WHAT YOU SHOULD DO
Since the listing below shows pictures, leave them out and write out exactly the lines from the line with "自《黑神话》初次亮相并发行以" to the line with "从账面参数来看,CLA显然有", both included, and no others.

INFORMATION SHOWN
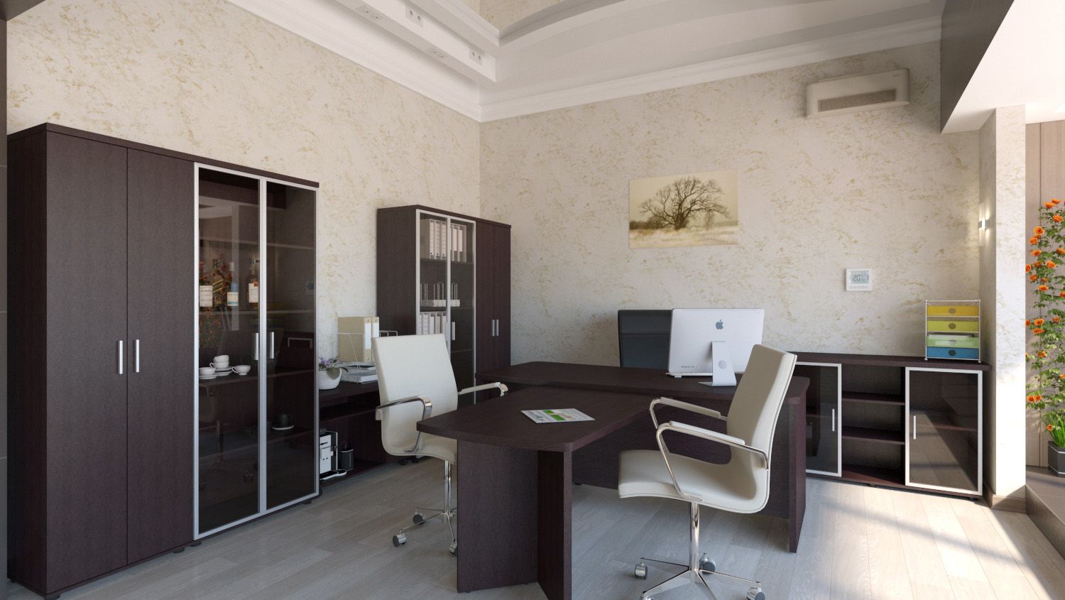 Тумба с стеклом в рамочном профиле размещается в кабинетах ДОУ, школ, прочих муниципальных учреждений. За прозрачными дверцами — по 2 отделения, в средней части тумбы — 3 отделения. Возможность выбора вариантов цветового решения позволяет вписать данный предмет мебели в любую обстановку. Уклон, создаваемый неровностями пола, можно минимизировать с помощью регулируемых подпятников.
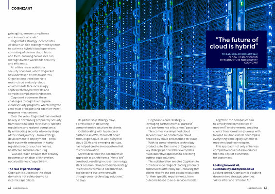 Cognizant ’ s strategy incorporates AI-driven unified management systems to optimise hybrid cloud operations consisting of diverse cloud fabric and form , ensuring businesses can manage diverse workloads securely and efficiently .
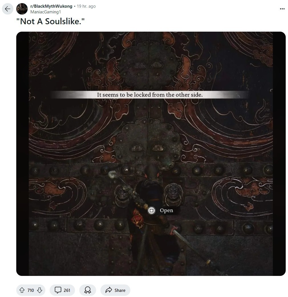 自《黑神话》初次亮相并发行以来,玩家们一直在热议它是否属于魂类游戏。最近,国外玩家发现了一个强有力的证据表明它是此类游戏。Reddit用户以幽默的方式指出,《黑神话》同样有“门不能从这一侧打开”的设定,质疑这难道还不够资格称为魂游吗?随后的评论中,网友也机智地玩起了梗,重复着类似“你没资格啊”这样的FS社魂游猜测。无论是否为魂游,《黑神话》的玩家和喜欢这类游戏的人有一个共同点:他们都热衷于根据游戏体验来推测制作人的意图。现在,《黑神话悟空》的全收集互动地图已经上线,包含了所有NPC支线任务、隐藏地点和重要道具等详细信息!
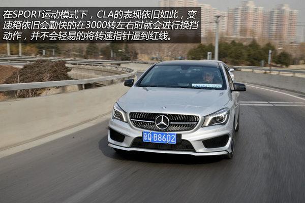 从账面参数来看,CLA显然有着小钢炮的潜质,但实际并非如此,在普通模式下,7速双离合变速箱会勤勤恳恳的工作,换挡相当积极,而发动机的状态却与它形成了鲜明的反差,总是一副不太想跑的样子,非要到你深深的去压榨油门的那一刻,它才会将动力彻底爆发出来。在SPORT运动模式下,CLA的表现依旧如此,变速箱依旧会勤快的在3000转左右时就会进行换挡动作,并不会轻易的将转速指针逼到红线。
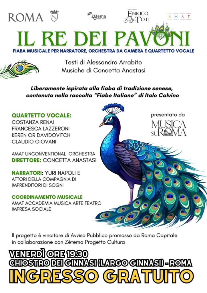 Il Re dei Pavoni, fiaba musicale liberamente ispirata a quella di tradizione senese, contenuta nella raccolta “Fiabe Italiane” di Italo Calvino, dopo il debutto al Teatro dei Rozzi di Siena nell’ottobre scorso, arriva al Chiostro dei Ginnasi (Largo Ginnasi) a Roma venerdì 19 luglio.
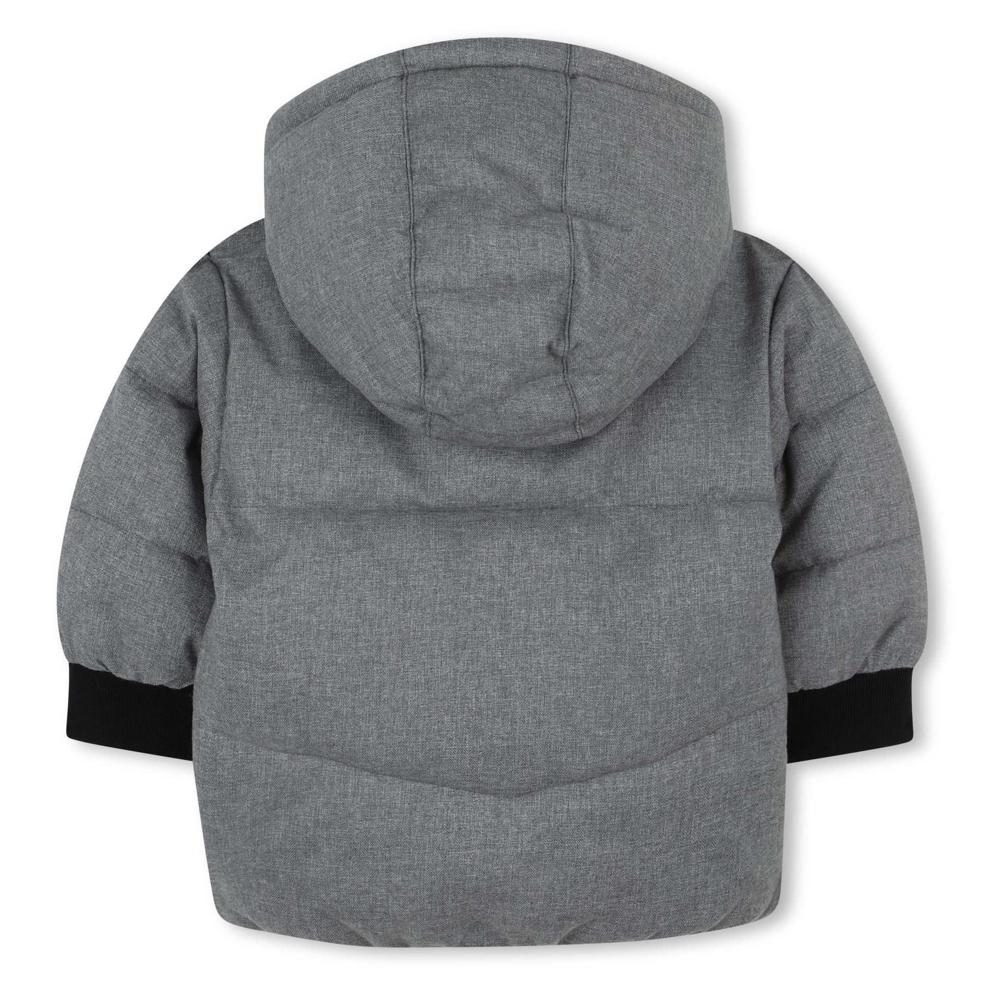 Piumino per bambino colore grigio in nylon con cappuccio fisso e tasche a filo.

...

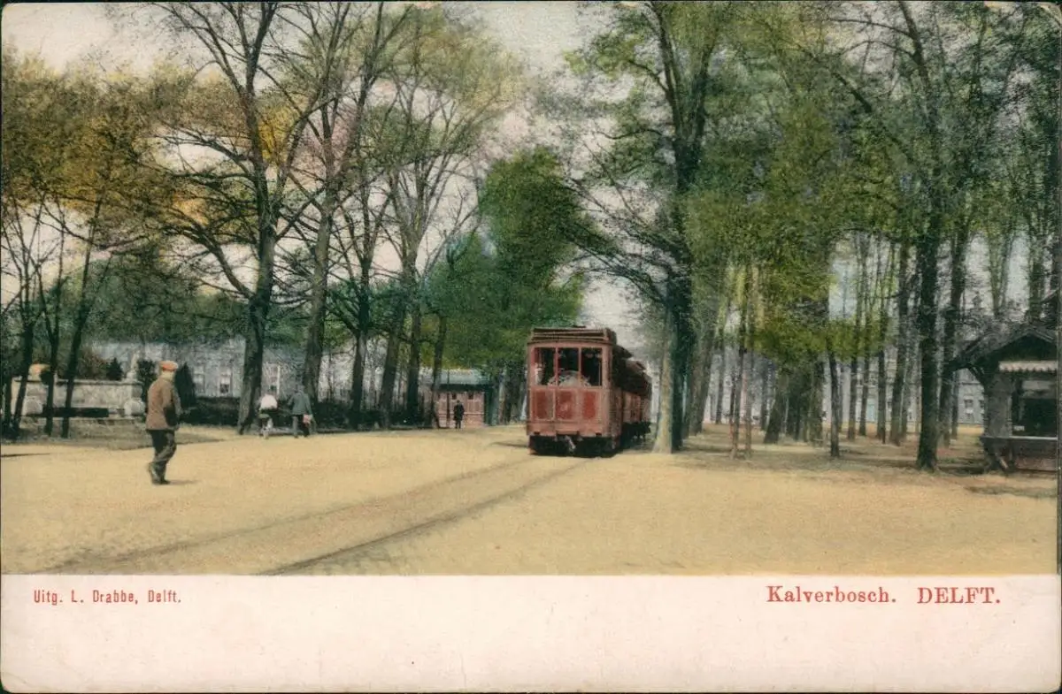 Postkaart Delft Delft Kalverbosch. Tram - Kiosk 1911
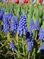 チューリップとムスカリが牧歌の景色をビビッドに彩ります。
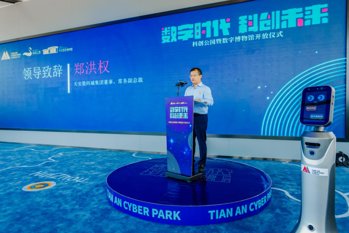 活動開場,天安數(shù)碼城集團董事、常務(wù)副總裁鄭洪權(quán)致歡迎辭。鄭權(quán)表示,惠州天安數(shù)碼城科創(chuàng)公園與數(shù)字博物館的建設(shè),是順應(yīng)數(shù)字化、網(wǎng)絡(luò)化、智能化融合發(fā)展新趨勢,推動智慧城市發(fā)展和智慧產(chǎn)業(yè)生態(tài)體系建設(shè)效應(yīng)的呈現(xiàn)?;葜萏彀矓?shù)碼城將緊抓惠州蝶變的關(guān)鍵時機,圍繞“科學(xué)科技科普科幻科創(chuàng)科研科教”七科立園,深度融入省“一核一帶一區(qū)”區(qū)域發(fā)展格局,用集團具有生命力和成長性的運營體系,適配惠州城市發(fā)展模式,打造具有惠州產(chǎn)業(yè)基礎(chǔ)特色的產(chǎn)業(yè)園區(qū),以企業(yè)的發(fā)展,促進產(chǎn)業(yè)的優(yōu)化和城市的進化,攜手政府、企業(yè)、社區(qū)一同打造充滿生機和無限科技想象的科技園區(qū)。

---

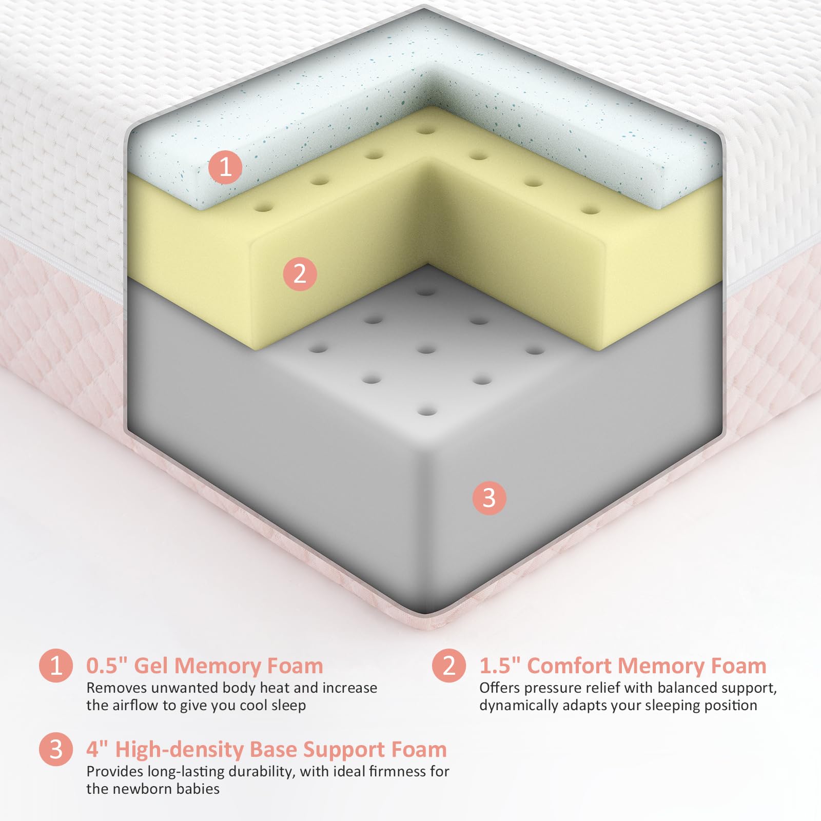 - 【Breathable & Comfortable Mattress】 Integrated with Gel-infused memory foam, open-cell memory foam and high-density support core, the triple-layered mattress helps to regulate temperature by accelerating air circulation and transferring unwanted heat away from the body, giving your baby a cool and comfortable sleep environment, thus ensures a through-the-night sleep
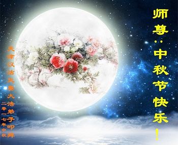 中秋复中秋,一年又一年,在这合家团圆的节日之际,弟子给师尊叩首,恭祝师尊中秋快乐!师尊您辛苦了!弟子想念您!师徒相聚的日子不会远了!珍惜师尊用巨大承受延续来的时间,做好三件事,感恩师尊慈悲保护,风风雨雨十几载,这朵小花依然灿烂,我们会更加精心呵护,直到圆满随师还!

REPLY
 自《黑神话》初次亮相并发行以来,玩家们一直在热议它是否属于魂类游戏。最近,国外玩家发现了一个强有力的证据表明它是此类游戏。Reddit用户以幽默的方式指出,《黑神话》同样有“门不能从这一侧打开”的设定,质疑这难道还不够资格称为魂游吗?随后的评论中,网友也机智地玩起了梗,重复着类似“你没资格啊”这样的FS社魂游猜测。无论是否为魂游,《黑神话》的玩家和喜欢这类游戏的人有一个共同点:他们都热衷于根据游戏体验来推测制作人的意图。现在,《黑神话悟空》的全收集互动地图已经上线,包含了所有NPC支线任务、隐藏地点和重要道具等详细信息!
 从账面参数来看,CLA显然有着小钢炮的潜质,但实际并非如此,在普通模式下,7速双离合变速箱会勤勤恳恳的工作,换挡相当积极,而发动机的状态却与它形成了鲜明的反差,总是一副不太想跑的样子,非要到你深深的去压榨油门的那一刻,它才会将动力彻底爆发出来。在SPORT运动模式下,CLA的表现依旧如此,变速箱依旧会勤快的在3000转左右时就会进行换挡动作,并不会轻易的将转速指针逼到红线。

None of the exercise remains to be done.